» **WHAT YOU WILL DO**:
Print nothing beyond the line with "The Earth Wind Fire": every line from the beginning of the data up to it, that line included, and no pictures.

» **DATA SHOWN**:
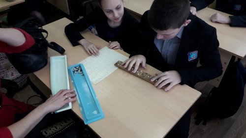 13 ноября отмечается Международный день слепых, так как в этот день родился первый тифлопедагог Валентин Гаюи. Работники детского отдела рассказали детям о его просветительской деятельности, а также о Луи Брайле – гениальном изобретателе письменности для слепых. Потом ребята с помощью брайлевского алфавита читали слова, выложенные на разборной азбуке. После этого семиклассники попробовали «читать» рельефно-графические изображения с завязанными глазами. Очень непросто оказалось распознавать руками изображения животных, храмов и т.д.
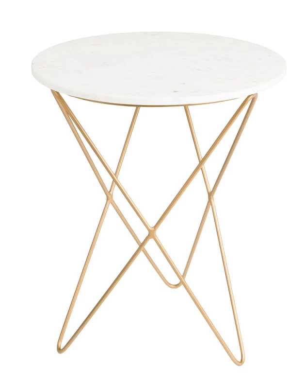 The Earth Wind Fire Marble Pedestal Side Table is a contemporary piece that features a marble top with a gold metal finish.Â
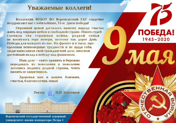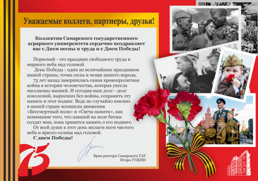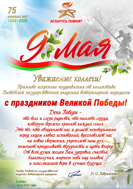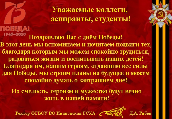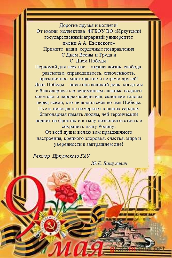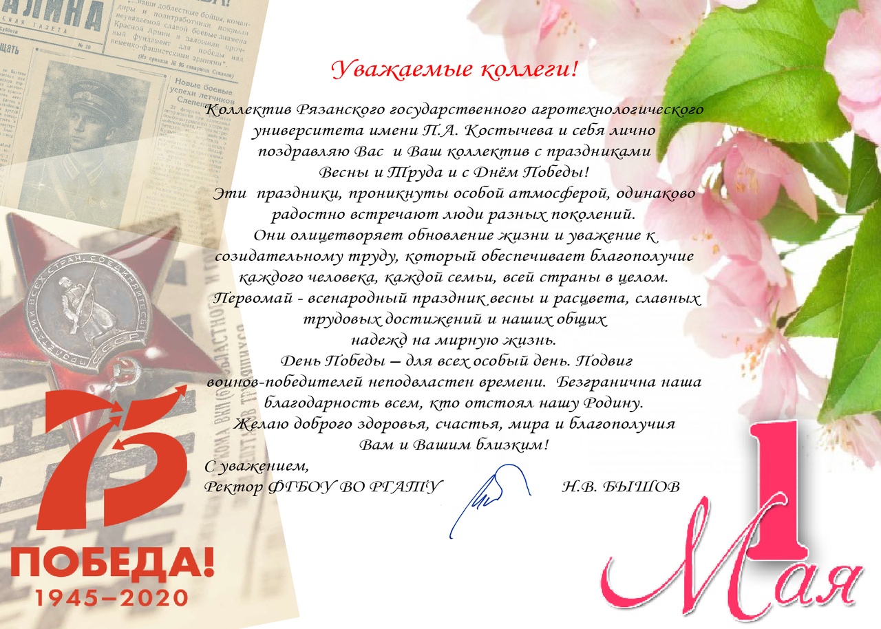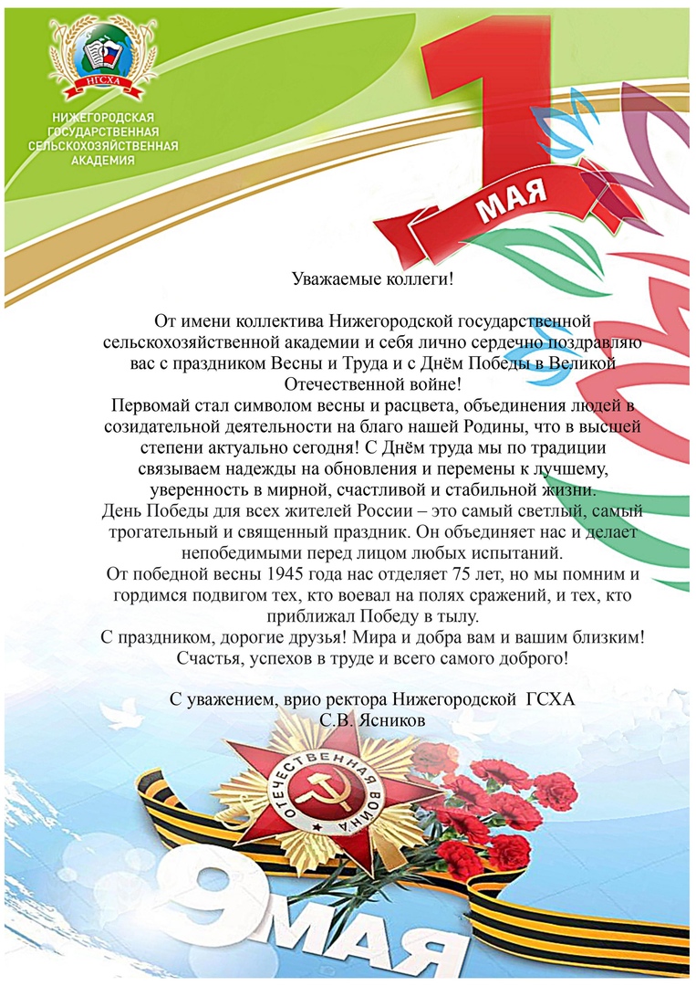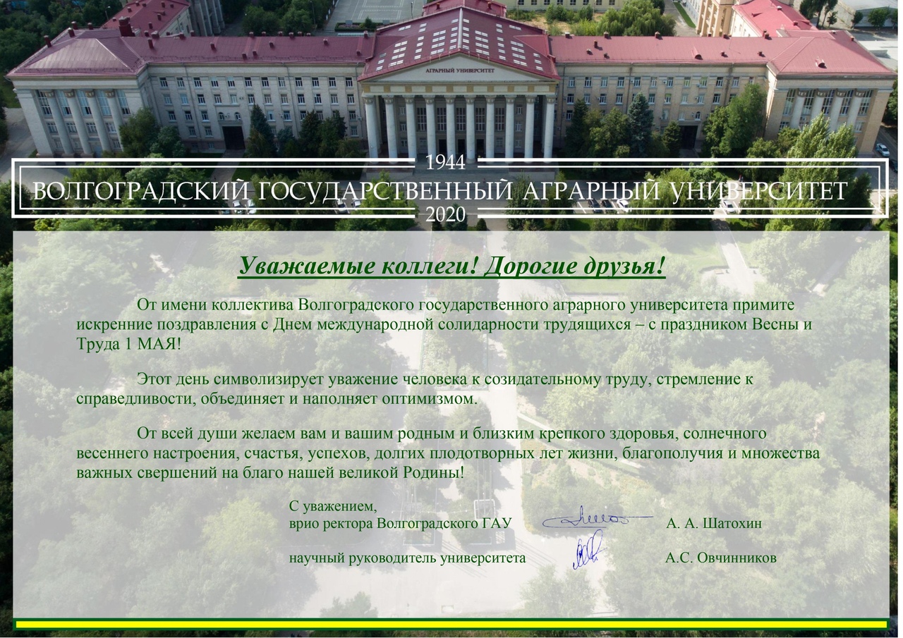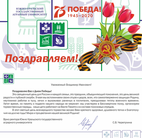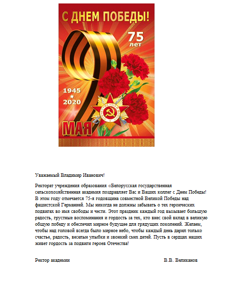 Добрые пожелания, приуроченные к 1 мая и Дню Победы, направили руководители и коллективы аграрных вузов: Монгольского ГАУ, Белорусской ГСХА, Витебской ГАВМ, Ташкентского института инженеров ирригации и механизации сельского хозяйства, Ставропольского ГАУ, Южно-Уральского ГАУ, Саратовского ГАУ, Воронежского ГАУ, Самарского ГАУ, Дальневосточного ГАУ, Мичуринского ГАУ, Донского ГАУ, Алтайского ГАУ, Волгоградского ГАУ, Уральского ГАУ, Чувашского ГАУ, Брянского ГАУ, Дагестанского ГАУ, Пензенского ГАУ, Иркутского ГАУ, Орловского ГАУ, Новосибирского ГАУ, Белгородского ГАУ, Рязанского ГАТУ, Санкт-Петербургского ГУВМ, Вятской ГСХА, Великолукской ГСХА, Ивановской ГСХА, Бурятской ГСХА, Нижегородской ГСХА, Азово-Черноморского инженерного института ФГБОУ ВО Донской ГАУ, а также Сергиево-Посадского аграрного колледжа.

» **ANSWER TO THE PROBLEM**:
 13 ноября отмечается Международный день слепых, так как в этот день родился первый тифлопедагог Валентин Гаюи. Работники детского отдела рассказали детям о его просветительской деятельности, а также о Луи Брайле – гениальном изобретателе письменности для слепых. Потом ребята с помощью брайлевского алфавита читали слова, выложенные на разборной азбуке. После этого семиклассники попробовали «читать» рельефно-графические изображения с завязанными глазами. Очень непросто оказалось распознавать руками изображения животных, храмов и т.д.
 The Earth Wind Fire Marble Pedestal Side Table is a contemporary piece that features a marble top with a gold metal finish.Â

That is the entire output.